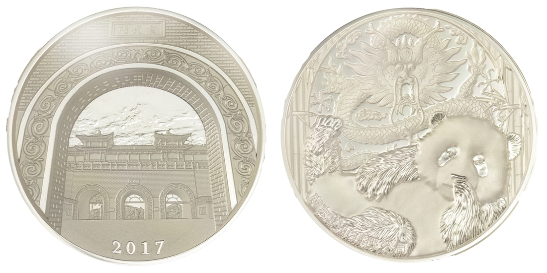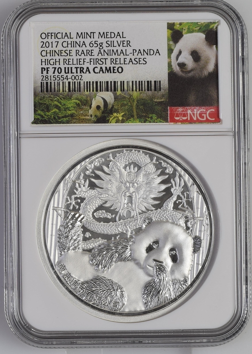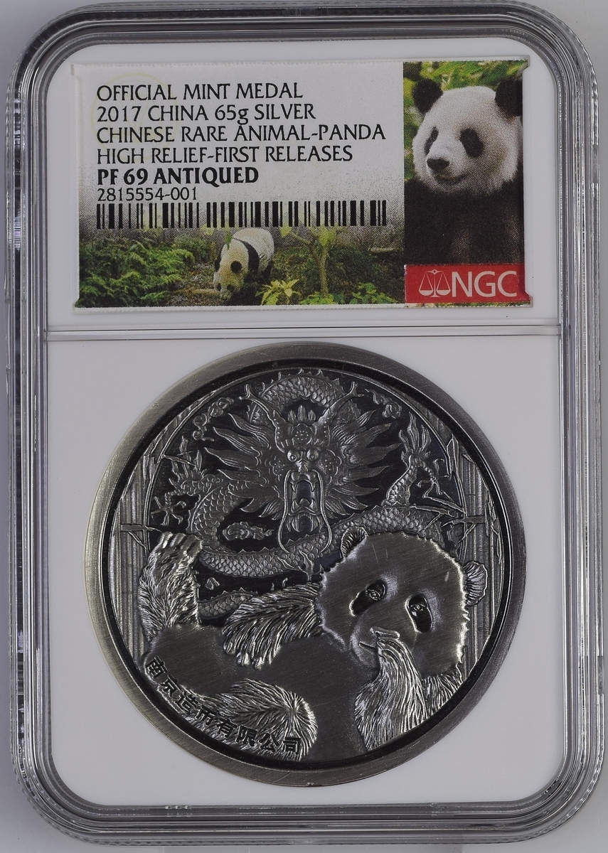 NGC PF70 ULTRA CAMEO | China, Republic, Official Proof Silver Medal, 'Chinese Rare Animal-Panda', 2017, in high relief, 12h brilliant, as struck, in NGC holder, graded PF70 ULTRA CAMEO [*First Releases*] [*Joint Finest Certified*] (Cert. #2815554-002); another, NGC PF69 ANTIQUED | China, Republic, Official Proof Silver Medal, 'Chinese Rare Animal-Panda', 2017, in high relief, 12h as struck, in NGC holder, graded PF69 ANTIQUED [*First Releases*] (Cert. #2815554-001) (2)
______
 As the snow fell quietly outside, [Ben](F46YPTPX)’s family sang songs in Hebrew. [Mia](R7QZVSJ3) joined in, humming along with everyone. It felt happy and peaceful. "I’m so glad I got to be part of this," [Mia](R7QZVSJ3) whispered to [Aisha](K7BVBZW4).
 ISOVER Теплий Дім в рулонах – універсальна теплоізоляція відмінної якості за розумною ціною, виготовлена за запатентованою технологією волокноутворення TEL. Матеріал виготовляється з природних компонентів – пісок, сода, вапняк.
______
What you need to do: Using the entries above, extract exactly the span from the line with "As the snow" to the line with "ISOVER Теплий Дім", both lines included; leave out everything else.

Expected answer:
 As the snow fell quietly outside, [Ben](F46YPTPX)’s family sang songs in Hebrew. [Mia](R7QZVSJ3) joined in, humming along with everyone. It felt happy and peaceful. "I’m so glad I got to be part of this," [Mia](R7QZVSJ3) whispered to [Aisha](K7BVBZW4).
 ISOVER Теплий Дім в рулонах – універсальна теплоізоляція відмінної якості за розумною ціною, виготовлена за запатентованою технологією волокноутворення TEL. Матеріал виготовляється з природних компонентів – пісок, сода, вапняк.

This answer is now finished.